Tuesday, June 18, 2013

no excuses and when debates fall short

over the past couple of days i have found myself ranting via facebook about education reform, policy, and the legitimacy of the “no excuses” charter school model. my ranting on facebook should surprise no one, but i thought i would shift my rants to the blogosphere. 

as many of you may know, some of the work we do at kipp is fairly controversial and often finds its way into left/right debates on education reform and education policy. kipp and other schools who operate by a “no excuses” model claim that poverty is not an "excuse" for teachers and students to use in allowing students to achieve less than what they are able. i don’t remember when i bought in so heavily to the kipp model, but apparently it has happened. i think this past year away from helena and kipp just made it worse.

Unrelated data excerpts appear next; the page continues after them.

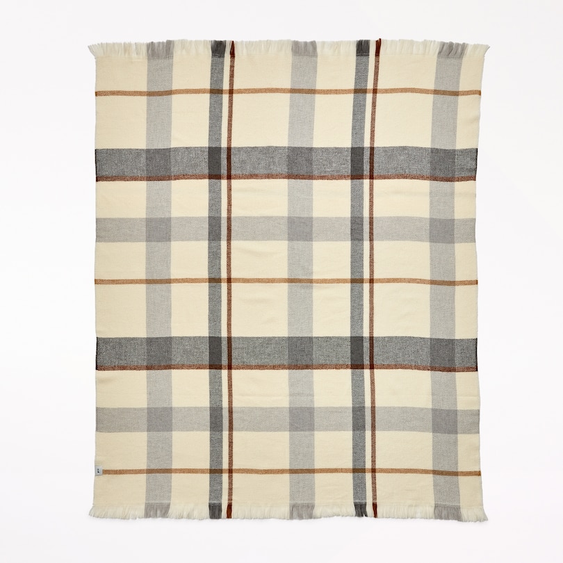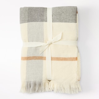 Jeté Ultra-Doux, Motif à Carreaux Ivoire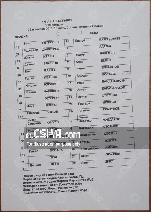 CSKA won against Slavia 1913 (Sofia) with result 0:1 in match from Second round of Cup of Bulgaria 2011/12 played on 23 November 2011 at 13:30 on „Slavia“ stadium, in Sofia. goalscorer for the army men was Júnior Moraes (19′).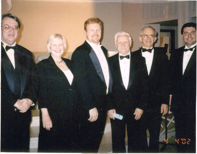 Dressed in formal wear are music faculty members Dr. Jerryl Davis, unidentified, Ken Bodiford, Dr. David L. Walters, Dr. Legare McIntosh, and Mark Brandon. (circa April 4, 2002)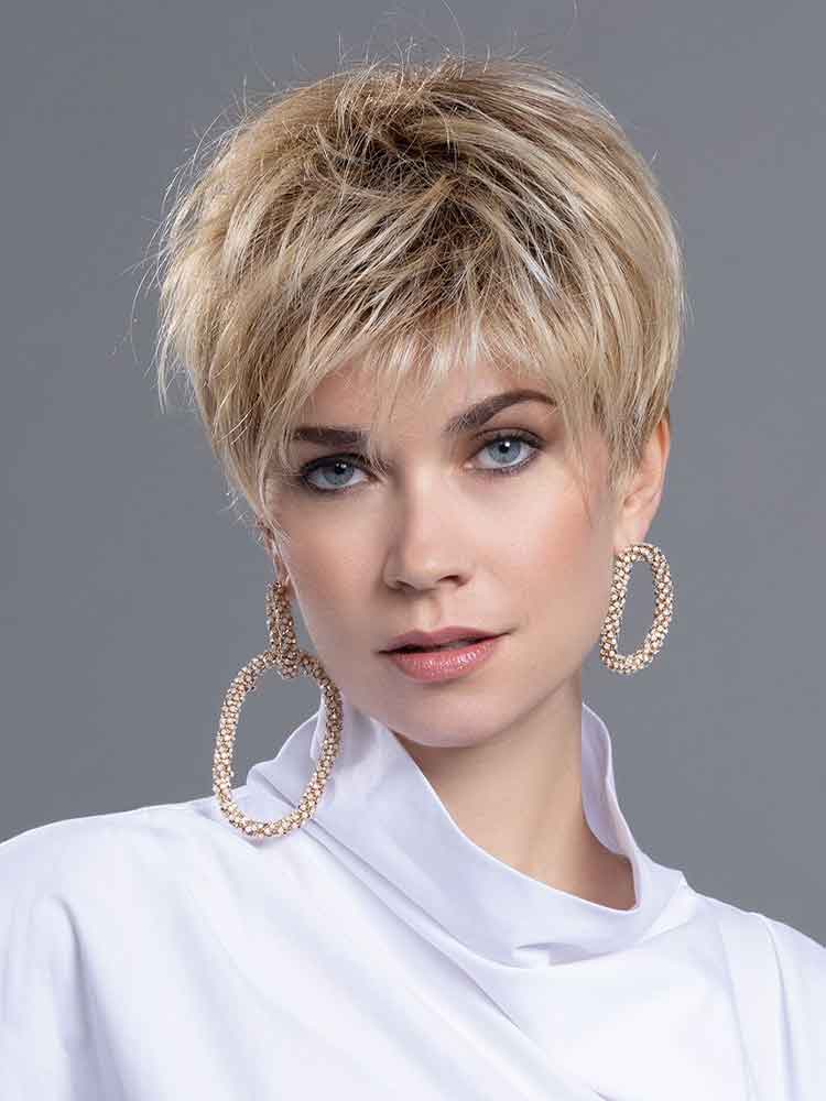 The Elan wig by Ellen Wille High Power Collection is a short, pixie style with longer lengths around the crown area.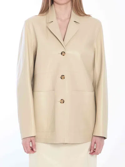 Toteme Women Single-breasted Leather Jacket In Cream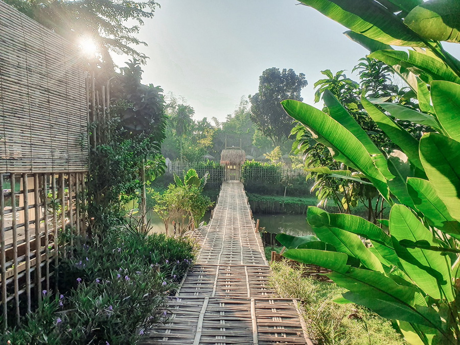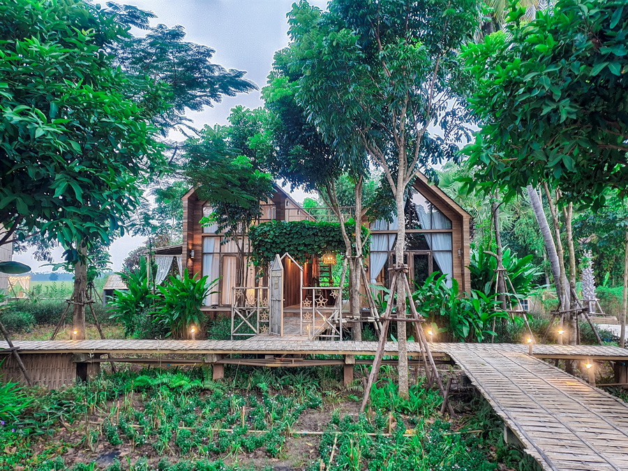 ชมสวนเกษตรและลานกิจกรรมกันไปแล้ว ถึงเวลาที่จะได้ไปชมส่วนของทีี่พักกันบ้าง โดยเราจะเดินผ่านสะพานไม้ไผ่แห่งนี้ที่ทอดยาวข้าวลำคลองมา

over the past year at candler, i have gained an abundance of knowledge about the societal injustices and structural issues that lead to poverty in our country. i’ve read about and been infuriated by the ways in which our society privileges individuals based on race, gender, familial history, and zip code. i’ve become more aware of the ways in which this privilege has lead to extreme income inequality, which threatens the future of our nation.

and after reading, researching, and discovering anew information about these societal injustices, i find myself working in an organization that some argue is not adequately addressing these problems. (see those arguments here and here) one of these articles claims that poverty is an “excellent excuse” arguing, "mountains upon mountains of data show dramatic correlations between family income and educational performance, as well as other cognitive indicators." the argument then flows that poverty is the problem, and education is not necessarily the solution. a further argument (articulated by my good friend zach) states that claiming poverty is not an "excuse" places the burden of crushing poverty on the students as opposed to the structural and societal factors which have led to students’ plight.

my first reaction to reading these articles and arguments was to wonder if they were right. i thought to myself, “maybe schools like kipp are not a good solution, maybe i should spend my time and energy elsewhere.” 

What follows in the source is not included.